Après l’adoption en première lecture de la proposition de loi organique sur la CENI à l’Assemblée Nationale, une frange des acteurs de la société civile et politiques, ont réagi en rejettant cette proposition de loi telle que votée par l’Assemblée Nationale sous prétexte qu’elle violerait le caractère apolitique du bureau de la CENI, selon l’esprit et la lettre de la proposition initiale déposée par le député national Christophe Lutundula, devenu aujourd’hui Vice-Premier ministre en charge des affaires étrangères.

Pour dissiper tout malentendu sur cette question, les membres de la commission Politique et Administrative de l’Assemblée Nationale étaient face à la presse ce Vendredi 11 juin 2021 à Kinshasa.

Répondant particulièrement à Lamuka aile Fayulu qui s’indigne du fait que ses propositions sur la réforme de la CENI n’ont pas été prises en compte, le député national et constitutionnaliste André Mbata ne va pas par quatre chemins pour réagir.

” Fayulu et son aile de Lamuka n’ont soumis aucun amendement à la commission PAJ ” a t-il dit lors de ce point de presse.

Et de poursuivre :

” Au sujet de Lamuka, il y a un problème. Le MLC est aussi de Lamuka, Ensemble fait aussi partie de Lamuka. Je ne sais pas de quel Lamuka vous parlez, parce que nous constatons que le MLC a fait des propositions, elles ont été prises en compte. Ensemble aussi fait partie de Lamuka, ils ont fait des propositions. De l’autre Lamuka, nous n’avons pas reçu d’amendements. Le Président de l’Assemblée Nationale avait accordé 48 heures pour les amendements. Cet autre Lamuka dont vous parlez, elle n’a soumis aucun amendement à la commission PAJ “, a révélé André Mbata.

En sa qualité de Président de la commission PAJ, le professeur André Mbata a souligné par ailleurs que la majorité et l’opposition au parlement sont déterminés à offrir au peuple congolais un processus électoral normal.

“Et la Majorité et l’opposition au niveau de l’assemblée nationale, nous sommes déterminés à avoir un processus électoral libre, transparent, démocratique et apaisé.
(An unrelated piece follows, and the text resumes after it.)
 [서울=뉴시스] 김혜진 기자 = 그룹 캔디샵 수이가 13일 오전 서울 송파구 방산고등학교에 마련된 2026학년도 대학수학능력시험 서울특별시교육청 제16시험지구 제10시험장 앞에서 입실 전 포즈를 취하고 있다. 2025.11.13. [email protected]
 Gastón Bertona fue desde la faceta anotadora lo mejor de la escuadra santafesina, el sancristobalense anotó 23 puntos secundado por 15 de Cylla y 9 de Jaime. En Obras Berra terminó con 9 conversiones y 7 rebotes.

Nous sommes déterminés à aller aux élections dans le délai constitutionnel”, a-t-il déclaré.

Quant à ceux qui estiment que l’Assemblée Nationale a opéré un coup d’État contre la République en adoptant cette proposition de loi, le Professeur Mbata rassure qu’il n’en est pas le cas.
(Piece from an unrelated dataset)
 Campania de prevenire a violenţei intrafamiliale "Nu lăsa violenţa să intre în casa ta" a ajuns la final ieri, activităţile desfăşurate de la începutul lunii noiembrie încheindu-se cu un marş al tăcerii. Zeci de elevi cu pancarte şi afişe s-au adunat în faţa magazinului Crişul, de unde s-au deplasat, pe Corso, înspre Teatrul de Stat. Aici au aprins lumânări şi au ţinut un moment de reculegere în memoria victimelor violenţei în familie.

“l’Assemblée Nationale qui a voté la proposition est une institution de la République. Il ne s’agit donc pas d’un coup d’État contre la République”, a-t-il dit.

Accusé d’avoir ôté de la proposition initiale de Christophe Lutundula son caractère d’apolitisme, André Mbata précise qu’étant une institution d’appui à la démocratie, la CENI ne peut pas être apolitique.

“Lorsque nous parlons de la proposition de loi initiée par l’honorable Lutundula, c’est un membre de l’union sacrée de la Nation. Qu’on se le dise. Donc l’idée au départ est partie de l’union sacrée. C’est nous même qui voulons la réforme. Nous voulons faire promouvoir les choses. Cela doit être claire. Cette proposition de loi vient d’un membre de l’union sacrée de la Nation, d’un parlementaire, et donc d’un politique. Toute institution d’appui à la démocratie est au départ politique. Dans la proposition de loi telle que présentée au départ par Christophe Lutundula, il n’a jamais été question de la dépolitisation. On est conscient qu’une institution d’appui à la démocratie qui est elle même un concept politique par excellence, ne peut pas être apolitique. Dans la proposition de Loi Lutundula on parle bien de 15 membres y compris les composantes politiques. Et donc rien n’a été dénaturé mais plutôt la Commission PAJ a proposé qu’il y ait 6 membres désignés par la Majorité, 4 membres par l’opposition et 5 membres par la Société civile. Et donc l’idée au départ et celle-ci reste la même, c’est que la CENI ne pouvait pas être dépolitisée. La commission a donc innové en remontant le nombre des membres de la Société civile à 5 au lieu de 3 comme avant”, a ajouté le professeur et élu national de l’UDPS, André Mbata.

Pour les membres de la commission PAJ, ceux qui crient aujourd’hui contre la proposition de Loi adoptée à l’Assemblée Nationale doivent éviter le populisme.

“Qu’on cesse de faire du populisme. Nous sommes très avancés, nous avons augmenté les membres de la société civile”, note André Mbata, en insistant : “l’apolitisme de la CENI n’existe pas même dans le texte que nous avons eu à travailler”.